The task –
Exact copies of all the lines below are needed, without the pictures.
#### Data ####
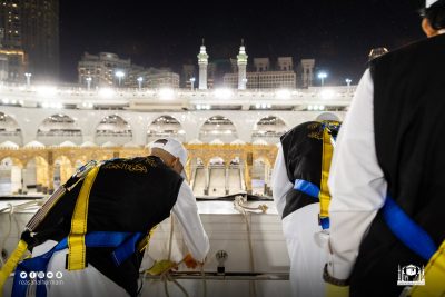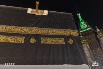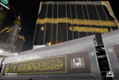 مكة المكرمة – قامت الرئاسة العامة لشؤون المسجد الحرام والمسجد النبوي اليوم بتبديل كسوة الكعبة المشرفة، كما جرت العادة السنوية، وذلك من خلال فريق عمل محدد من مجمع الملك عبدالعزيز لكسوة الكعبة المشرفة، حيث بدأ الفريق بتفكيك الكسوة القديمة وتركيب الجديدة، ثم تثبيتها في أركان الكعبة وسطحها.
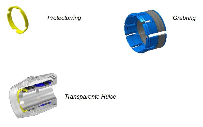 Die transparente Hülse, welche aus einem speziellen Polymer gefertigt wird, vereint Optik und Funktionalität. Das Design der Hülse wurde so gewählt, dass keine offenen Sichtfenster mehr benötigt werden, um die korrekte Montage des Fittings beurteilen zu können. Dadurch sind Verunreinigungen durch das Sichtfenster ausgeschlossen.
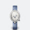 Case in steel, cambered ovoid with a delicately fluted case band. Sapphire-crystal case back. Dimensions 32.7 x 27.3mm. Water resistant to 3 bar (30m). Dial in grained natural white mother-of-pearl. Off-centre chapter ring at 6 o’clock with Roman numerals in white natural mother-of-pearl marquetry. Self-winding movement. Cal. 586/1. 38 hours power reserve. In-line Swiss lever escapement. Breguet balance on a silicon spring. Balance frequency 3Hz.
####
Output below –
 مكة المكرمة – قامت الرئاسة العامة لشؤون المسجد الحرام والمسجد النبوي اليوم بتبديل كسوة الكعبة المشرفة، كما جرت العادة السنوية، وذلك من خلال فريق عمل محدد من مجمع الملك عبدالعزيز لكسوة الكعبة المشرفة، حيث بدأ الفريق بتفكيك الكسوة القديمة وتركيب الجديدة، ثم تثبيتها في أركان الكعبة وسطحها.
 Die transparente Hülse, welche aus einem speziellen Polymer gefertigt wird, vereint Optik und Funktionalität. Das Design der Hülse wurde so gewählt, dass keine offenen Sichtfenster mehr benötigt werden, um die korrekte Montage des Fittings beurteilen zu können. Dadurch sind Verunreinigungen durch das Sichtfenster ausgeschlossen.
 Case in steel, cambered ovoid with a delicately fluted case band. Sapphire-crystal case back. Dimensions 32.7 x 27.3mm. Water resistant to 3 bar (30m). Dial in grained natural white mother-of-pearl. Off-centre chapter ring at 6 o’clock with Roman numerals in white natural mother-of-pearl marquetry. Self-winding movement. Cal. 586/1. 38 hours power reserve. In-line Swiss lever escapement. Breguet balance on a silicon spring. Balance frequency 3Hz.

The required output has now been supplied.